Are you open to new friends
Finding New Friends: The 10 Best Tips
Finding friends made easy: ten important factors
Even if you would like to hear something different now: Unfortunately, there is no magic bullet that guarantees lifelong friendship. What there are, however, are ten important factors that increase your chances of making nice contacts and making real friends. That's exactly what we're going to look at now!
1. Same interests
Actually only logical: Anyone who has similar interests comes into conversation much more easily and immediately discovers important similarities. (Sports) clubs and honorary positions are therefore ideal, for example, for making contacts in a relaxed and relaxed manner. Alternatively, you can just keep your ears open and pay attention to common interests. Maybe one of your classmates is just as enthusiastic about old black and white films as you are.
2. Contact at eye level
This is meant literally at this point. Because body language also plays a very important role in getting to know each other. If you cross your arms over your chest and stare 90% of the time at the floor, it is of course more dismissive than inviting. So pay attention to an open body language, look the other person in the eye and smile again and again.
3. The right chemistry
Good friends just get along; the chemistry is right with them. So trust your gut feeling when meeting new people. If it "somehow doesn't fit" in human terms, there is probably a reason. But if you guys like each other right away and are on the same wavelength, that's a good sign.

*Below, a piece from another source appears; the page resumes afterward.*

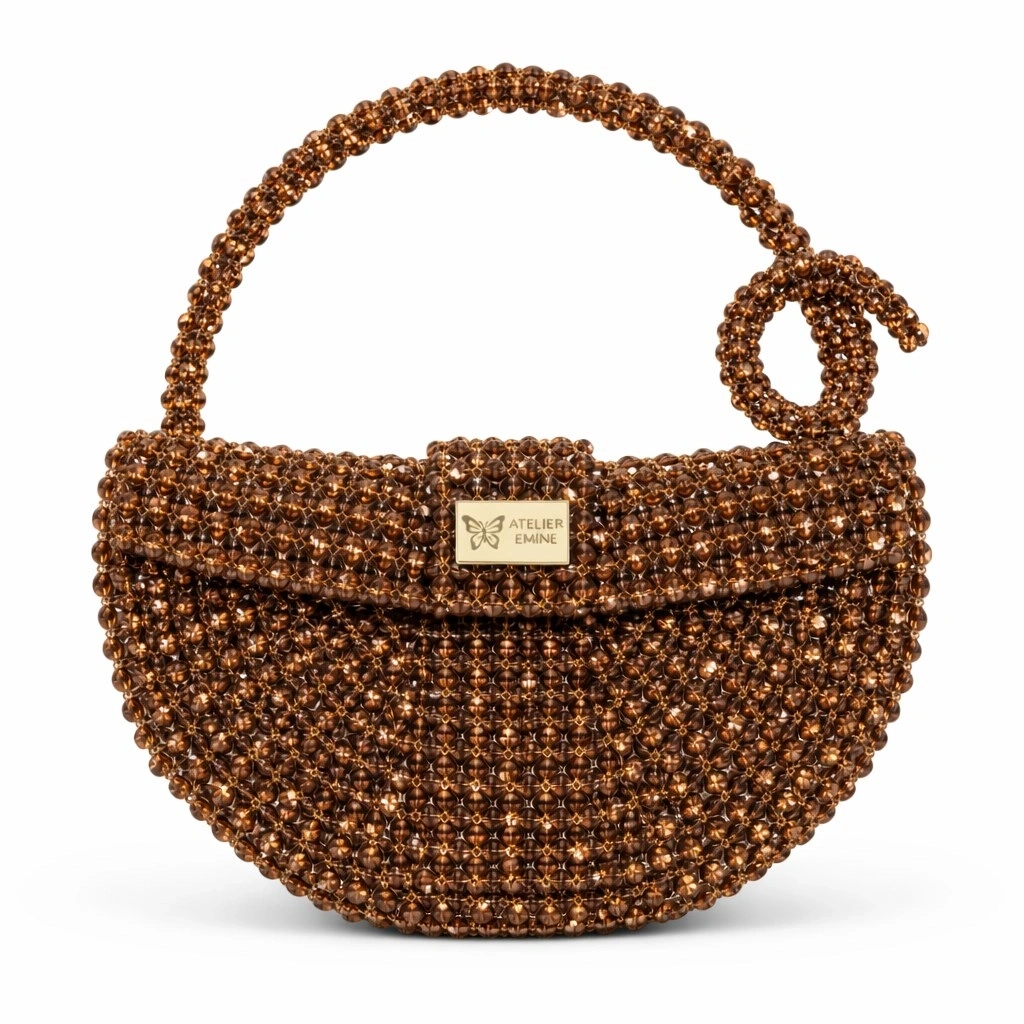 Atelier Emine’in Crystal Gelato Couture serisine ait Melo Nocciola, 8 mm optik sınıfı kristal boncukların yüksek dayanımlı misina ile örülmesiyle tamamen el işçiliğiyle üretilmiş, yarım ay formunda premium mini çanta modelidir.

Don't expect the other person to do all of the "work" for you, but approach them consciously. "Sociability" doesn't just mean taking the first step - it also means staying on the ball. Nobody likes to pull everything out of someone else's nose and nobody wants to have to be the engine all the time. Extra tip: Take the opportunity (s). If the other person says: "We can meet like that.", You can answer: "Sure, that will definitely work." - and be silent. But it would be wiser: "Sure, gladly. When do you have time?"
5. Openness and authenticity
Only those who show themselves as they are can find the right friends. Even if you feel less vulnerable if you cover up your insecurity: do not fool the others. If you pretend, the others will feel it - and subconsciously always remain a little suspicious. So just be honest, stay yourself and stand by yourself. And remember: if you want to please everyone, you won't end up going anywhere.
6. A similar sense of humor
Simple formula: if you have a lot of fun together, you also like to spend time together. So if you find someone you can laugh with and who also thinks your weird jokes are totally funny, that's a great basis - and clearly expandable.
Good friends can not only laugh together, but cry too. When we show ourselves to someone "without a mask" and make ourselves vulnerable in front of them, we are signaling to the other that we trust them. And it is precisely this trust that usually comes back. So in the end, vulnerability is always a nice compliment - and it creates a great bond.
The golden rule of any friendship: When the other person confides in you, you prove to them that you deserve their trust. Be sensitive and empathetic and above all secretive, in short: Show that you are actually trustworthy.
9. Mutual help
Asking the other person for help is also a compliment for him: You trust him to be able to help you and you believe in his abilities. Among friends, you shouldn't feel too bad to ask the other for help - but also to offer support yourself over and over again. After all, you don't just want to take something, you also want to give something back. So help wherever you can and may.
10. Free space
Even if you would like to hang out with your new boyfriend all the time, it would be better not to mutate into a burdock. This can be a deterrent, especially at the beginning. But even after that: Do a quick "burdock check" every now and then: Are you always the one who suggests doing something? Then give the other person a respite and wait until he or she answers on his own initiative. Friendship also lives from freedom - and so you have a lot more to tell each other (again).